If you’re a hacker, you might be a little confused at the “words per minute” figure. (In other languages and for other purposes linguists tend to use morphemes, syllables, or phonemes, and measure them by the minute, second, or even hour.) The unit milliLampson sometimes pops up:

milliLampson /mil’*-lamp`sn/ /n./ A unit of talking speed, abbreviated mL. Most people run about 200 milliLampsons. The eponymous Butler Lampson [link mine] (a CS theorist and systems implementor highly regarded among hackers) goes at 1000. A few people speak faster. This unit is sometimes used to compare the (sometimes widely disparate) rates at which people can generate ideas and actually emit them in speech. For example, noted computer architect C. Gordon Bell (designer of the PDP-11) is said, with some awe, to think at about 1200 mL but only talk at about 300; he is frequently reduced to fragments of sentences as his mouth tries to keep up with his speeding brain.

Yeah… it’s cute, but you’re not really going to see it cropping up in linguistics literature. My guess would be, based on the speaking rate, that a milliLampson is loosely based on words per minute, probably based on Californian speakers (maybe even from, gasp! UC Berkeley), and then inflated by folkloric proportions. But that’s a great example of the type of misinformation that’s out there. Take this for example:

I love infographics. I do not love misinformation.
Image taken from infographic by Medical Billing and Coding (which can be found at http://www.medicalbillingandcoding.org/life-summed-up/) for educational purposes. Don't you feel educated? Always hunt down the citations for these random numbers the people vomit at you.

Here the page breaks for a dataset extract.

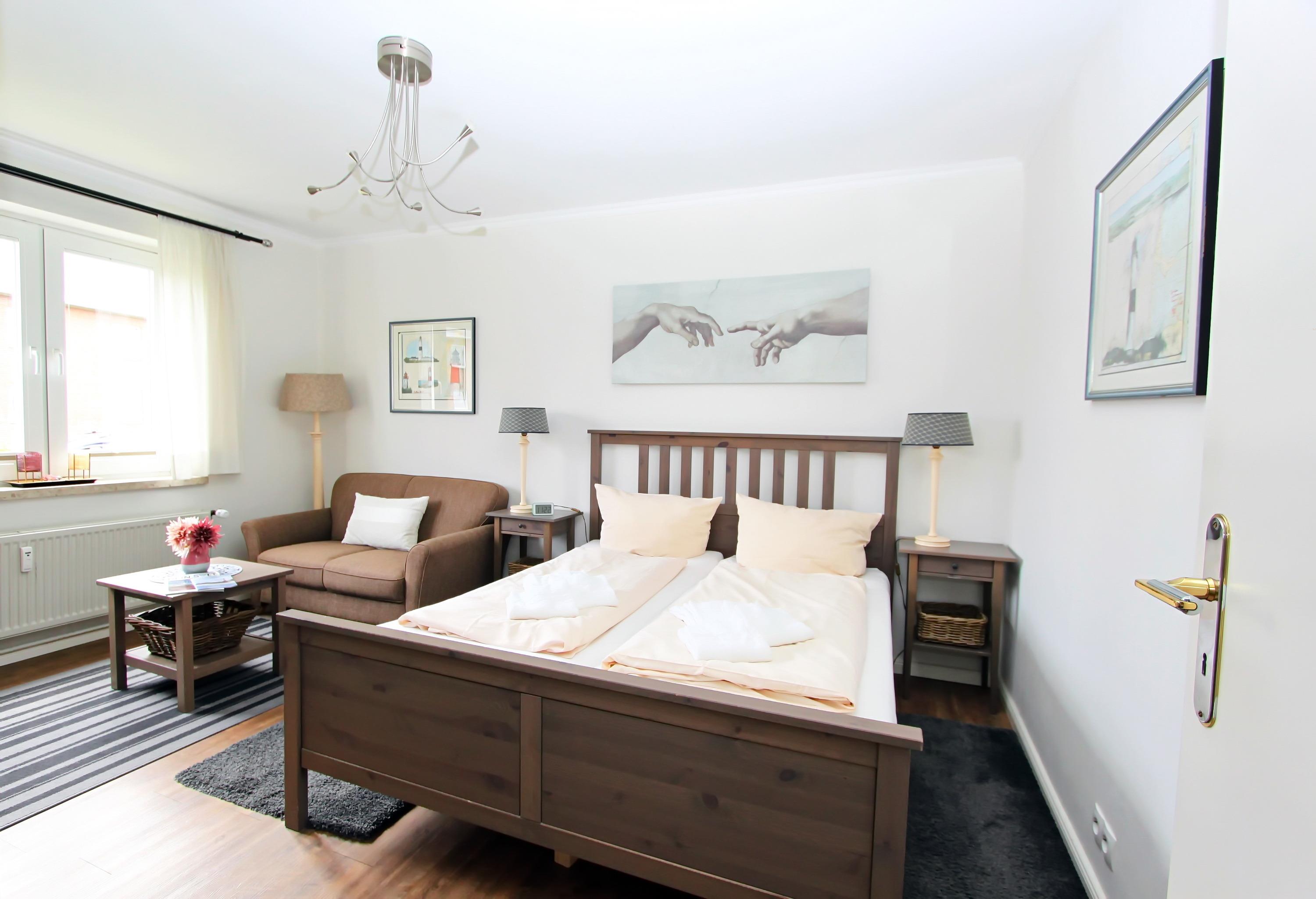 renoviertes 1 Zimmer Appartement mit ca. 32 m² im Hochparterre unweit des Hörnumer Golfplatzes; Wohn-/Schlafraum mit Doppelbett, eine gemütliche 2-Sitzer-Couch, Tisch, Vitrinenschrank, Kleiderschrank, Sat-Flat-TV; separate Küche mit Cerankochfeld, Geschirrspüler, Kühlschrank mit kleinem Gefrierfach, Mikrowelle mit Grill und Backofen, Esstisch und Stühle für 2 Personen, Einbauschrank; Wannenbad/WC; Flur mit Garderobe und Schuhschrank. Das ganze Appartement ist mit Venyl-PVC ausgestattet.

The fine folks at Medical Billing and Coding may have listed their sources, but I’m afraid one of their sources were wrong. Let take a look at this 73 million figure. I will even do all the arithmetic for you. I know, I know, I’m a peach.

Ok, so, let’s assume that their 18,140 figure is right, and that our 160 words/minute figure is right. In that case, we’ve got 18,140 hours per life x 60 minutes per hour  x 160 words per minute and do the multiplication and cancel out all the units super nicely, and we come up with 174,144,000 words per life. That’s almost 2.5 times as many as they predicted. Or, hey, since a little more math can’t hurt, let’s assume 75 speaking years per life x 365 days per year x 16,000 words per day and we come up with 438,000,000 words per life. And since I’m far more likely to trust the data from the article published in Science than my own little two-bit estimation, it looks like this infographic is wrong by a factor of 6.

What’s even more amazing, though, is that if you wrote down every single one of those words, it would be as long as 402.5 editions of Proust’s In Search of Lost Time, the longest novel ever writtenLike I said, you talk a lot.